Please don't feel sorry for me or pity me.  I certainly don't.

The reality is that it hurts sometimes, but it doesn't define me.  I have come to fully know that God adores me and I am worthy and beautiful because of His love.  His love and my worth are not dependent upon human love.  The lack of my earthly father's love has no bearing on the love from my forever Father.  Just because my father could not, would not, or whatever not share love with me doesn't mean that I am less than what God created me to be.  All I have to do is open my eyes each morning and look around to see how much He loves me.

I don't share this with all of you so that you can think I'm brave, amazing, godly, or whatever title some may say.  I am human and have faults just like everyone else whom God created.

I share my heart with you in hopes that you, too, will know that you are loved by God no matter what your story is.  Yes, we may feel down and weary sometimes but God's love is more powerful and all encompassing than our wounded hearts.  Human actions and rejections are extremely powerful, but I have good news.  God's love and opinion trump all human power.  He gets the final say - and He says we are worthy and loved.  We were created specifically so that He could love all over us and spend eternity showing us how special we are. 
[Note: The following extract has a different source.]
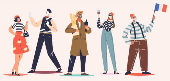 הישענות על נתונים ברמת האוכלוסייה ולא ברמת הפרט עלולה להוביל ל”כשל אקולוגי” שעשוי להחליש את מסקנות המחקר. קריקטורה של דמויות אופייניות לצרפת, כולל יין ובגט | zuperia, Shutterstock
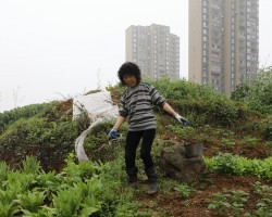 潘师傅,66岁,水电工程技术员退休,原武汉市人。1983年大学毕业分配到宜昌做水电工程,一儿一女均在外地工作,现给儿媳带孙子,孙子送幼儿园后在小区前待开发的山坡上开垦了许多荒地种菜,收获的蔬菜自己吃,还晾干了储备过冬。

If your heart has wounds, let the above paragraph speak to it.  Allow God to trump all of those hurts and hold you.  Life - people - can kick us and knock us down, but God can pull us up and cause us to walk with a spring in our step and a love song on our hearts.  Let Him pick you up, sweet one. He is holding out His hand ready to dance with you.

xoxo

Wednesday, January 21, 2015

Your biggest critic




If I asked you to write down who your biggest critic is, I’m pretty sure I could guess the answer without even peaking.  If you’re anything like me, you wrote your own name. 

We tend to critique every single thing about ourselves.  We can pick out that one strand of hair that refuses to cooperate.  We notice a fat cell on our bodies that no one else can see.  We question our intelligence and we play the compare game.  At times, we are our own worst enemies. 

If you sit and really think about it, that is so disturbing.  Why do we do this to ourselves?  We would never allow, not for one single second, someone to bash our children.  Our mama and papa bear instincts would kick in and we would growl and show our teeth – even if just for our kids to see. 

God created you and He created me EXACTLY how He desired.  He didn't create us in a hurry or with someone else in mind.  He looks at us and sees beauty.  Why don’t we??

My husband and I were discussing a party we had to attend.  I immediately began thinking of all of the women who would be there and started digging myself a hole.  What if they are beyond beautiful and dressed to a tee and I am the frumpy Cinderella in rags?  I told him how I was feeling and he looked at me as if I had grown another set of eyes and turned purple.  

My husband told me that of course I would be the most beautiful one to him at the party.  He told me that he always thought I was gorgeous and he loves me more with each day.  Sweet, I know.  The problem, however, wasn't what he thought about me.  It was what I thought about myself.  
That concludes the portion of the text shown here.